Quel rôle peuvent jouer les organisations d`intégration

FORUM INTERNATIONAL SUR LES INTERFACES
ENTRE POLITIQUES ET SCIENCES SOCIALES
UNE PLATE-FORME INNOVANTE POUR RESSERER LES LIENS ENTRE RECHERCHE ET POLITIQUES
Argentine et Uruguay, 20-24 février 2006
SYMPOSIUM DE HAUT NIVEAU
SUR LES
DIMENSIONS SOCIALES DES PROCESSUS DINTEGRATION REGIONALE
Organisé par l’UNESCO, le MERCOSUR, le GASPP et l’UNU-CRIS
Montevideo (Uruguay), 21-23 février 2006
TABLE RONDE DE REFLEXION
Les dimensions sociales des processus d’intégration régionale :
problématiques émergentes et multilatéralisme régional
Quel rôle peuvent jouer les organisations d'intégration régionale
dans une nouvelle architecture internationale ?
par
Philippe HUGON
Multilatéralisme régional N°3
Les idées et opinions exprimées dans cette publication sont celles de l’auteur et ne reflètent pas
nécessairement les vues de l’UNESCO et n’engagent pas l’Organisation.

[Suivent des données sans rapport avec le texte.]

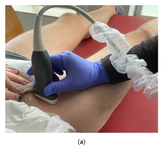 The peripheral nerve selected was the femoral, located over the femoral triangle with an Alpinion Ecube i8 ultrasound equipment and an E8-PB-L3-12T 3-12MHz linear probe in a transverse section (Figure 1a). After cleaning the skin with chlorhexidine (Lainco® 2%), the needle was emplaced using an in-plane approach, with a 45° angle to the skin surface, until reaching the epineurium of the femoral nerve at its lower and lateral aspect (Figure 1b). The axonal topography of the femoral nerve refers to this site as the best part of the nerve to locate the motor axons of the quadriceps muscle [19]. The intervention was applied bilaterally to both lower extremities.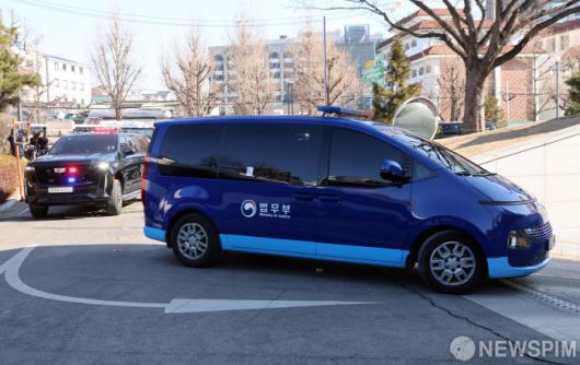 [서울=뉴스핌] 사진공동취재단 = 23일 서울 종로구 헌법재판소에서 열린 윤석열 대통령 탄핵심판 4차 변론기일에서 윤석열 대통령이 탄 차량이 헌재 안으로 들어서고 있다. 2025.01.23 photo@newspim.com

Les appellations employées dans cette publication et la présentation des données qui y figurent
n’impliquent de la part de l’UNESCO aucune prise de position quant au statut juridique des pays,
territoires, villes ou zones, ou de leurs autorités, ni quant à leurs frontières ou limites.
Publié en 2006 par l’Organisation des Nations Unies
pour l’éducation, la science et la culture
7, place de Fontenoy, 75352 Paris 07 SP
© UNESCO 2006
Printed in France
(SHS-2006/WS/MR/3)
Multilatéralisme régional N°3
3
Présentation
Dr Ninou Garabaghi
Spécialiste principal du programme
Secteur des Sciences sociales et humaines
La présente série de publications a été lancée à la faveur de la table ronde « Les
dimensions sociales des processus d’intégration régionale : problématiques émergentes et
multilatéralisme régional » du Forum international sur les interfaces entre politiques et
sciences sociales organisé en Argentine et en Uruguay par l’UNESCO en partenariat avec
les gouvernements d’Argentine et d’Uruguay, les Universités et les villes de Buenos Aires
et de Montevideo et plus particulièrement dans le cadre de la plate-forme de Montevideo
dédiée aux intégrations régionales. La plate-forme consacrée à la thématique
« intégrations régionales » a été constituée d’une constellation d’ateliers traitant de
questions spécifiques et d’un symposium de haut niveau dévolu aux dimensions sociales
des processus d’intégration régionale. Dans le cadre de ce symposium de haut niveau, une
table ronde a été prévue qui ambitionne de mettre en débat des visions prospectives sur
les processus et les politiques d’intégration régionale.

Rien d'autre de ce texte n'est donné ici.